As dusk settles over the forest canopy, a pride of lions strolls purposefully past our open jeep, almost within touching distance. Their spellbinding amber eyes don't give us so much as a sideways glance; these lions are on a mission, their pupils fixed on the dirt track ahead. Only an hour or two earlier we saw three of these big cats lounging on a steep brown ridge, nuzzling and licking one another sleepily between obligatory surveys of the valley below.
Now it's near dinner time, and rather than taking the slower route through thick grasses to reach a herd of tasty wildebeest over the hill, these kings of the jungle are sensibly following this route considerately carved out by humans. I'm hoping for a deep, powerful roar – the ultimate symbol of Africa – but instead I'm greeted with the familiar baritone of a biped.
"Let's risk it for the biscuit," our tanned, 20-something guide Nikki Muller enthuses, as he steps on the gas and we hurtle deeper into the wilderness, dodging low-hanging branches, hoping to catch a glimpse of one of the lions pouncing on its prey. But alas, the wary wildebeest have beaten a hasty retreat. No matter, Muller, who has an impressive knack of keeping one eye on the road ahead while swinging his head around to highlight points of interest along the way, has received word from a colleague via walkie-talkie that there is another, far more elusive big cat lurking nearby: the world's fastest land animal, the cheetah. Within minutes we're mesmerised by the sight of this sleek, slinky killer cat, lying motionless in a field of gold-white grass, but with no obvious prey on the horizon.
This wildlife game reserve, &Beyond Phinda, located in the northern part of South Africa, close to the Indian Ocean, has hosted the most successful reintroduction of cheetah anywhere on the continent, vital at a time when these cats have been driven out of 90 per cent of their historic range because of human encroachment.
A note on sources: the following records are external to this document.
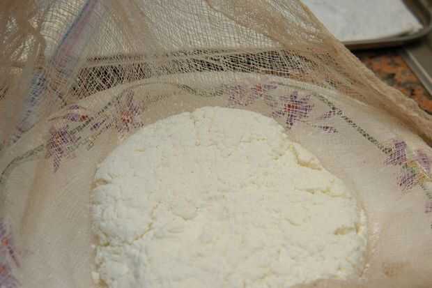 Enfriar durante la noche con más peso en él si lo deseas lo suficientemente firme para rebanada sin miedo total crumble-ización. Aunque enfriarlo bien, no esperes que no se desmoronan un poco, ya que no utiliza ningún estabilizador. Esta es la naturaleza de los quesos de estilo "cottage".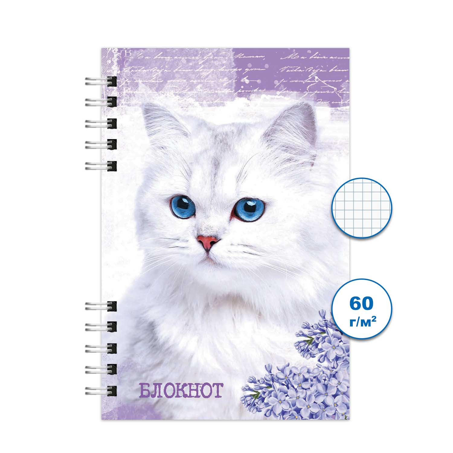 Блокнот А6 80л клетка на гребне Кошки 2 7445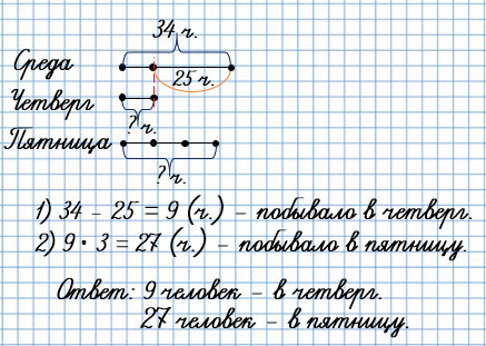 4. В среду в библиотеке побывало 34 человека, в четверг - на 25 человек меньше, а в пятницу - в 3 раза больше, чем в четверг. Объясни, что означают выражения, и вычисли их значения: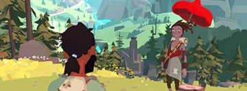 《边境之旅》的内容就是步行、生存与经营模拟的混搭,《边境之旅》讲述了一个来到新大陆的旅人的故事,他衣衫褴褛、一无所有,开始了前往伊甸瀑布长达5000千米的旅途,他打算定居在那里,开始建造一个新的未来。这段路是需要玩家一步步走过的,行走占据了游戏的绝大部分内容。抵达伊甸瀑布的这段旅途中,玩家就在一条固定的路线上行走,翻山越岭,穿江跨湖,沿路是气候和植被变换的数十种地形地貌,雪山、森林、草地,色调犹如四季变幻,原本为节省成本的低多边形风格(Low-Poly),在这里却恰如其分,大片的色块渲染、几何图形的拼贴,令人心情愉悦。一路上还有鸟语花香、潺潺流水,很悠闲很自在,就像是在大自然里进行一场漫步。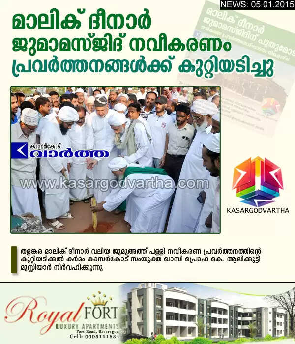 (www.kasargodvartha.com 05/01/2015) മാലിക് ദിനാര് വലിയ ജുമാമസ്ജിദ് നവീകരണ പ്രവര്ത്തനത്തിന്റെ ഭാഗമായി നിര്മാണ പ്രവര്ത്തനങ്ങള്ക്ക് കാസര്കോട് സംയുക്ത ഖാസി പ്രൊഫ. ആലിക്കുട്ടി മുസ്ലിയാര് കുറ്റിയടിച്ചു.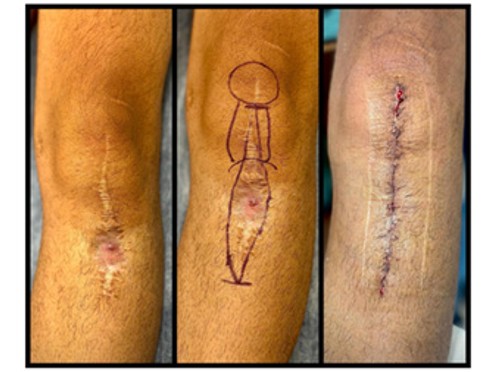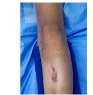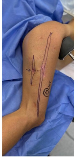 Legend: Clinical image of the lower limb demonstrating the fistula site and preoperative markings for the incision.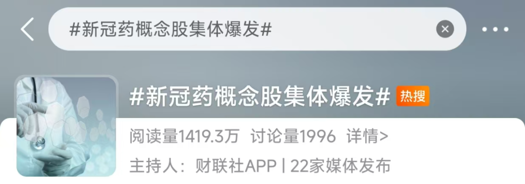 此外,昨天(8月12日)新冠药概念股爆发相关消息也冲上了热搜。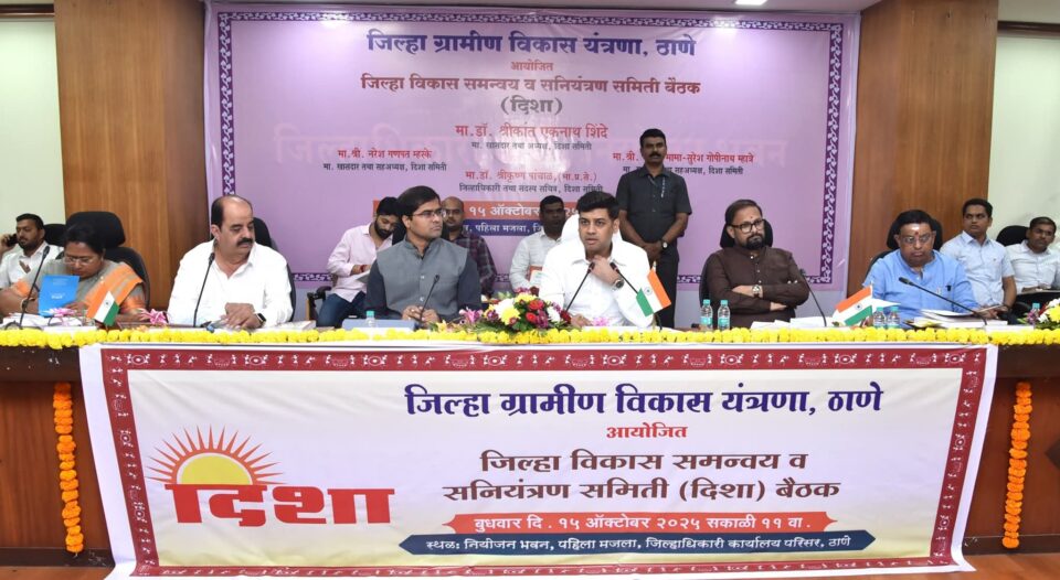 ठाणे प्रतिनिधी(जिल्हा परिषद, ठाणे)- जिल्हा विकास समन्वय व सनियंत्रण समितीचे अध्यक्ष तथा खासदार डॉ. श्रीकांत एकनाथ शिंदे अध्यक्षतेखाली आज, दि. १५ ऑक्टोबर, २०२५ रोजी नियोजन भवन, जिल्हाधिकारी कार्यालय, ठाणे येथे बैठक संपन्न झाली.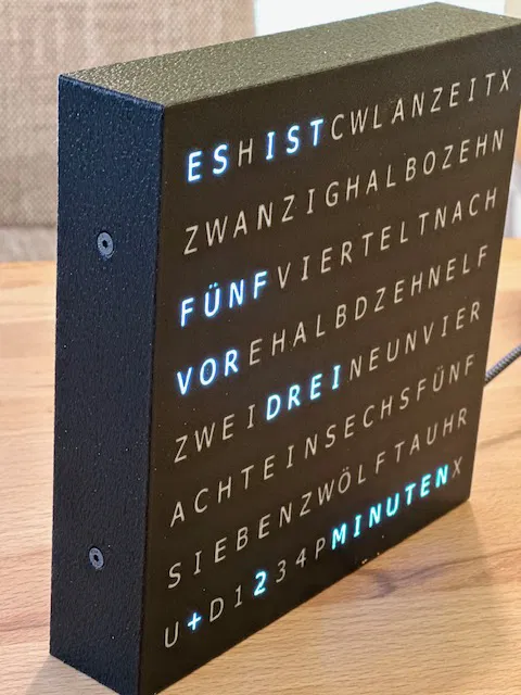 Bản remix đồng hồ Wordclock từ AWSW với thiết kế tối ưu cho in đa sắc (multicolor). Cải tiến mặt trước phẳng dễ đọc, sử dụng vít chắc chắn và tích hợp sẵn cổng USB-C tiện lợi cho người dùng.
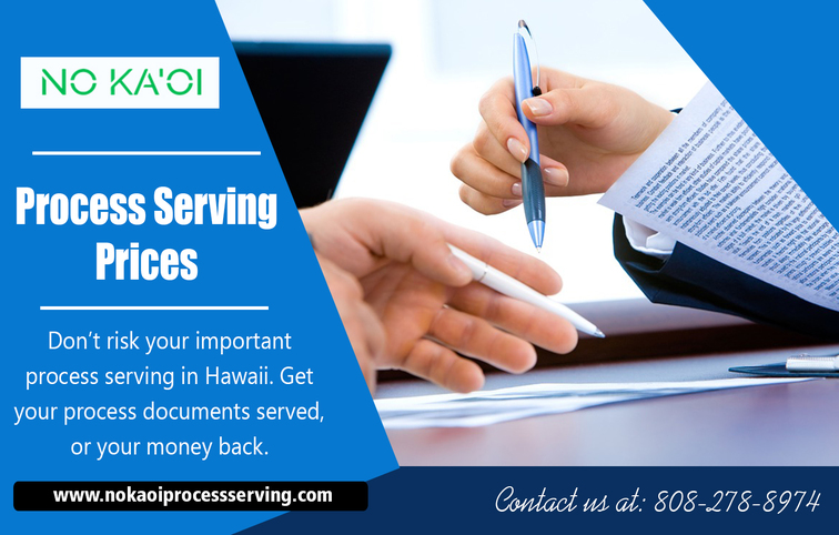 Process Serving Prices can be affected by many factors AT https://www.nokaoiprocessserving.com/pricing/ Find Us On Google Map : https://goo.gl/maps/nbGEGGwGdy82 The laws and regulations for process servers are continually changing, and it can be a challenge to keep up with those imposed both nationally and in individual states. However, it is imperative for them to find a way to stay in the know. Those who fail to keep up with changing regulations could find themselves embarrassed in the best-case scenario, and losing business or even unwittingly committing a crime in the worst-case scenario. Social : https://plus.google.com/u/0/107780255044229735642 https://www.youtube.com/channel/UCv9z3QigoeBuxijhlJXCD1A https://twitter.com/HawaiiServer Street Address: 2585 ALA NAMAHANA PKWY,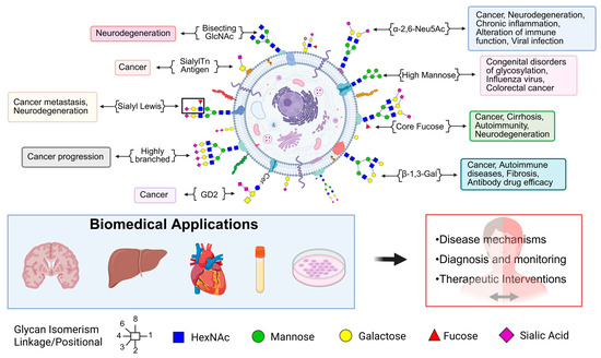 Glycans play critical roles in maintaining health and are involved in the pathogenesis of various diseases. This schematic illustrates the diverse glycan structures present on the cell surface and their associations with specific biological processes and disease states. Structural motifs such as bisecting GlcNAc, sialyl Lewis antigens, high-mannose glycans, core fucose, and highly branched glycans are linked to cancer progression, metastasis, neurodegeneration, autoimmune disorders, and infectious diseases. Altered glycosylation patterns serve as biomarkers and therapeutic targets, influencing immune recognition, cell adhesion, signaling, and drug efficacy. Biomedical applications of glycomics include uncovering disease mechanisms, enhancing diagnosis and monitoring, and guiding therapeutic interventions across tissues and biological systems.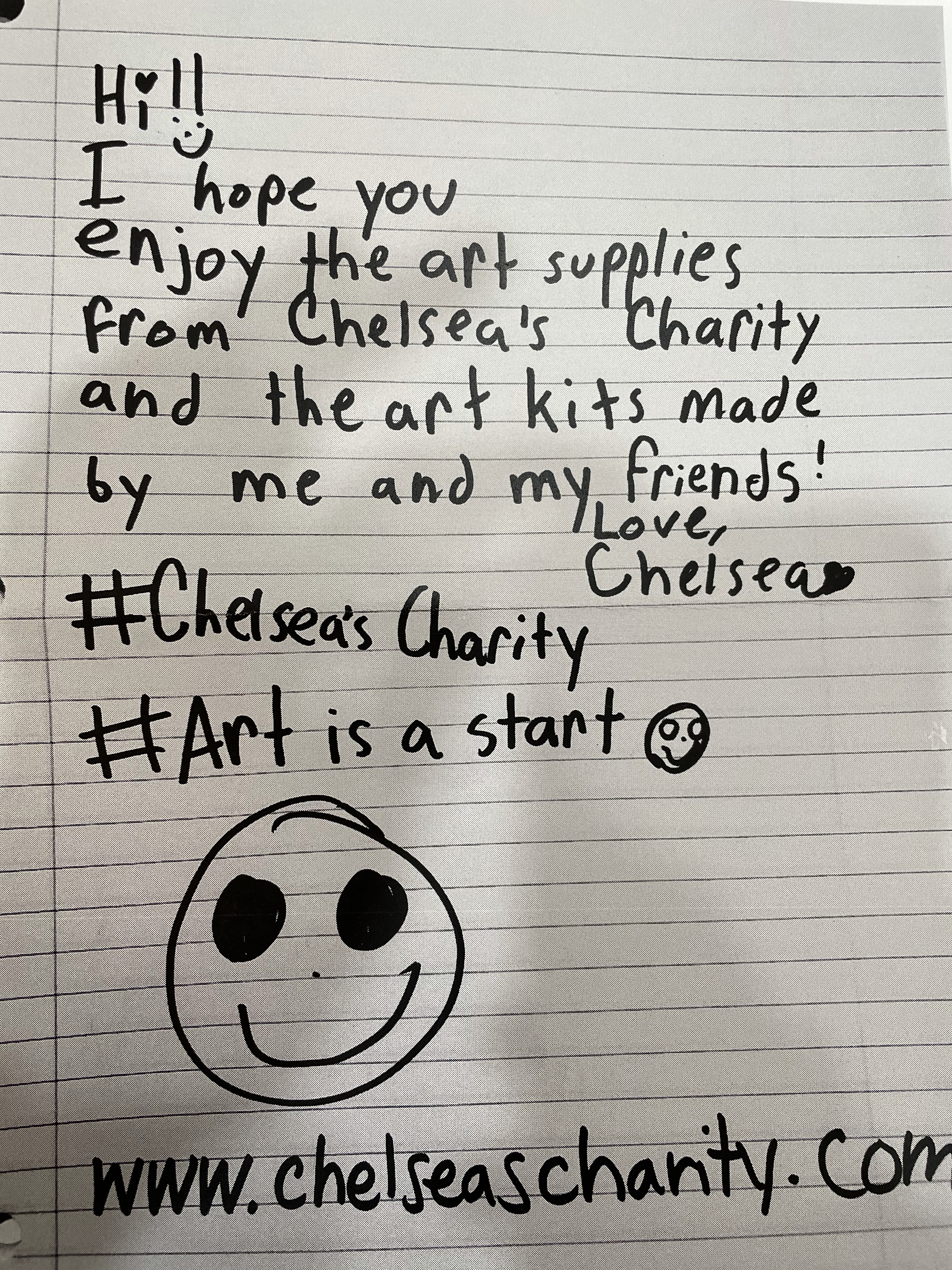 Chelsea’s Charity is a unique charity. In the Summer of 2019 Chelsea Phaire’s was turning 10. She wasn’t interested in gifts. She asked her guests to bring art supplies instead. Crayons, markers, paper and colored pencils turning into forty kits which she then delivered to a New York homeless shelter. These happy faces created a want for Chelsea to do more.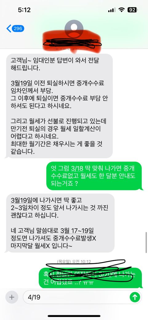 안녕하세요. 중도퇴실 (만기한달전 퇴실)입니다. 원래 만기는 4월18일이었고 중개수수료와 월세 일할계산 문의를 드렸습니다. 분명 3/18 딱 맞춰 퇴실하면 중개수수료도 없고 월세 한 달분도 안내도되냐고 물어봤고3/17~3/19에 나가면 중개수수료 x 마지막달 월세 x 라고 하셨습니다. 오늘 전화해서 중개인에서 보증금관련 얘기를 하니, 새로운 임차인이 들어오는 시점(3/19~4/18 사이)에 보증금을 돌려주신다고 임대인이 말씀하셔서 알겠다고 했습니다. 그건 이해를 하겠는데. 월세 또한 새로운임차인이 3/19 딱 맞춰 들어와야 마지막달 계산을 하지 않는것이고. 3/18 이후에 새로운 임차인이 들어오면 월세를 내야한대요.. 중개사가 자꾸 민법얘기하는데 저렇게 얘기하면 안되는 거 아닌가요?일부러 새로운 집 3월18일에 맞춰 새로운 집 계약했는데.. 마지막달 월세 물어주게 생겼어요1개의 답변이 있어요!

Phinda's seven distinct habitats host some of the best cheetah sightings in the world.
On our drive back to the lodge in the fading light, we pass a family of impala, happily munching on grass together like a scene from Disney, spotted straightaway by Muller. But it's his encyclopaedic knowledge of South African birdlife that truly impresses; he can spot one of Phinda's star birds, and within a heartbeat quote the page number in which it appears in the bird book he's helpfully circulated among his passengers. "Emerald spotted dove!" he sings out, and suddenly we're all scanning the trees in a where? where? frenzy, searching for said bird, one of 80 different species in the reserve. "Erch, I miss the dove," a German visitor sitting beside me declares disappointedly. "Page 28," Muller obligingly offers.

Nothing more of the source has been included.